CARY, N.C. – Yes, subprime auto lending has grown in recent years. However, don’t sound the alarm bells.
This is not mortgage crisis 2.0. It’s probably not even subprime auto lending crisis 2.0.
The level of subprime auto lending is not even close to where it was in the mid-2000s, just before the financial crisis and automotive tumble at the end of the decade, according to TD Economics, an affiliate of TD Auto Finance and TD Bank.
Federal Reserve Board statistics in a TD Economics special report released Thursday show that subprime’s share of the total auto loan originations climbed as high as approximately 33 percent before the recession.
By the end of the decade, they had plummeted to the high teens, the data shows.
Subprime’s share has since climbed, but the 2015 reading shows it still a couple handfuls of percentage points where it was before the 2008 financial crisis, according to the report.
These types of loans are “well below where they were prior to the financial crisis” says TD Economics economist Dina Ignjatovic.
And the comparison to the mortgage crisis in not an apt one, she says.

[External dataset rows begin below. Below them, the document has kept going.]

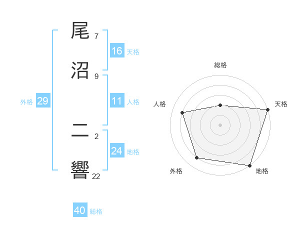 尾沼 二響さんの総格は40画の2点!
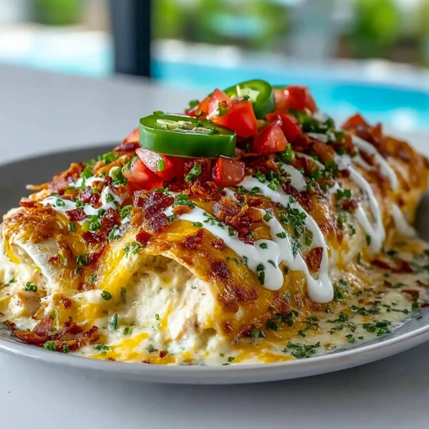 Top with a drizzle of sour cream, freshly chopped tomatoes, sliced jalapeños, and chives. Serve hot and enjoy!
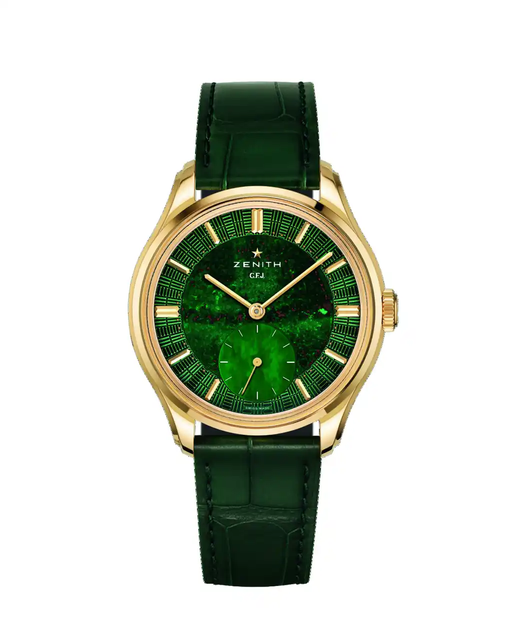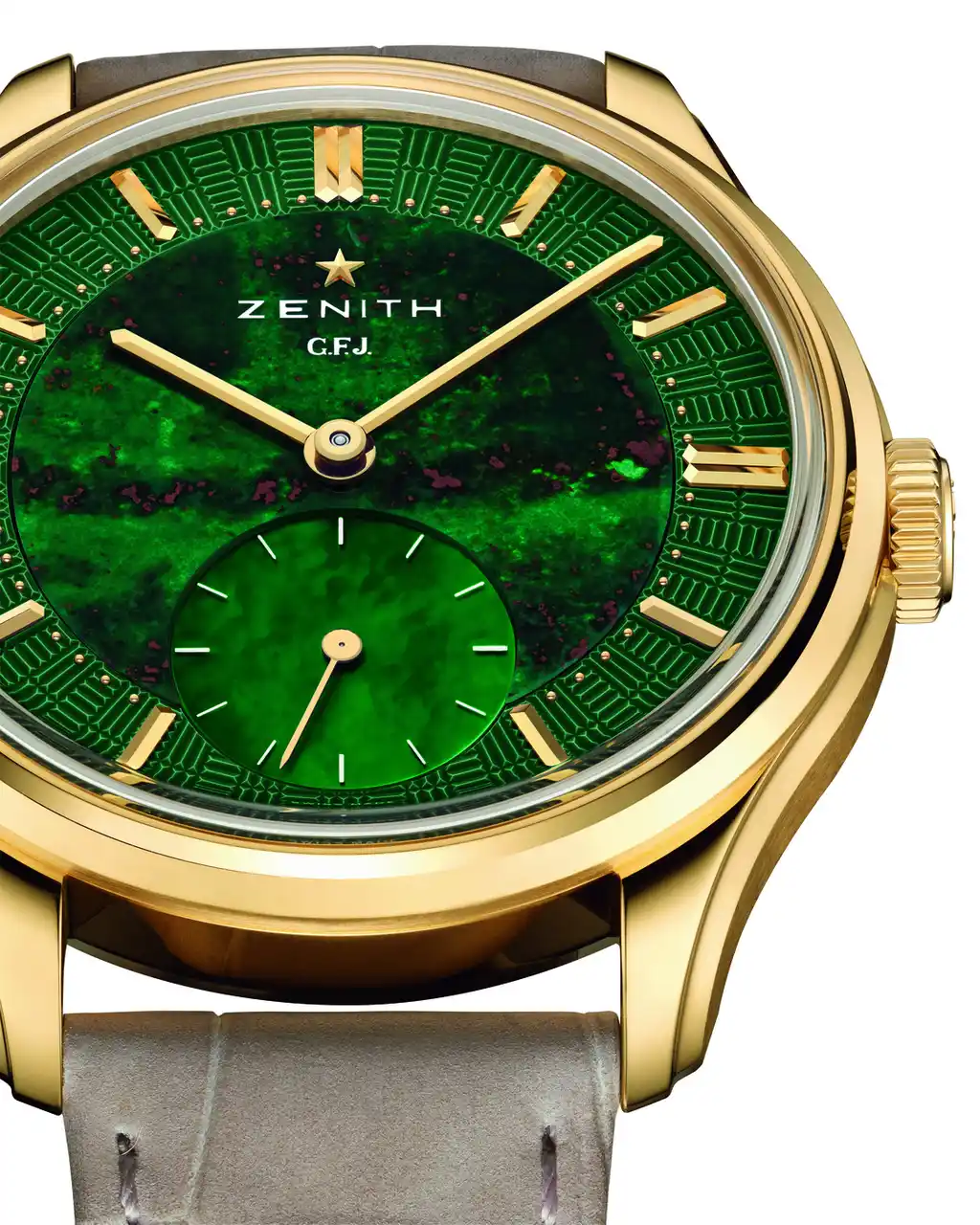 ル・ロックル / ジュネーブ、2026年4月14日:伝説的なキャリバーを蘇らせ、高く評価された「G.F.J.」。クロノメトリーの真髄を追求するこのコレクションに、ゼニスは新たな章を記します。ゼニス創業者、ジョルジュ・ファーブル=ジャコのイニシャルにちなんで名付けられた「G.F.J.」は、単なる復刻モデルではなく、高精度な時計製造の原点回帰を意味します。伝説的キャリバー135に新たな命を吹き込み、2025年のジュネーブ ウォッチ グランプリ(GPHG)でクロノメトリー賞に輝いた「G.F.J.」は、ゼニスが歴史を通じて築いた天文台の計時における専門性を、現代的に表現したタイムピースです。そして今回、ゼニスは161本限定で、印象的なブラッドストーン文字盤を備えたイエローゴールド製の「G.F.J.」を誕生させました。本作は新たな素材の採用という枠を超え、「G.F.J.」が物語を紡ぎ続けるキャリバー135の現代における中心的存在であることを再認識するものです。
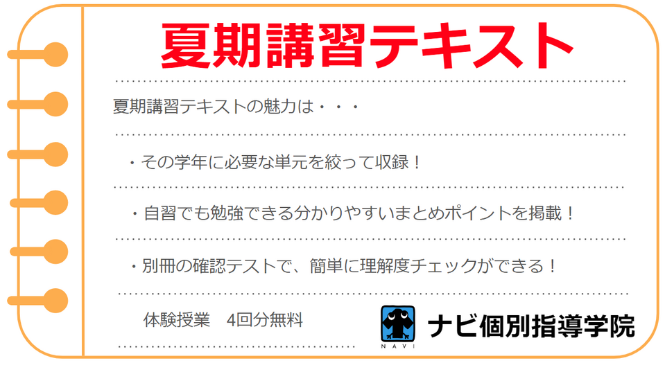 ナビ個別で夏期講習テキストを使って、夏休みに一緒に勉強しませんか?

“The level of subprime loans in the auto market right now is a lot lower than it was in the run-up leading up to that financial crisis, No. 1. And No. 2, the mortgage market and the auto market are completely different,” Ignjatovic said in a phone interview.
“In the mortgage market, leading up to the recession … people were getting a mortgage without having to show their proof of employment,” she continued. “It just wasn’t very prudent lending practices that were happening. There were teaser loans out there where you had a low interest rate for the first year or two, and then it jumped up. And I guess people didn’t realize their mortgage payments would go up by so much.”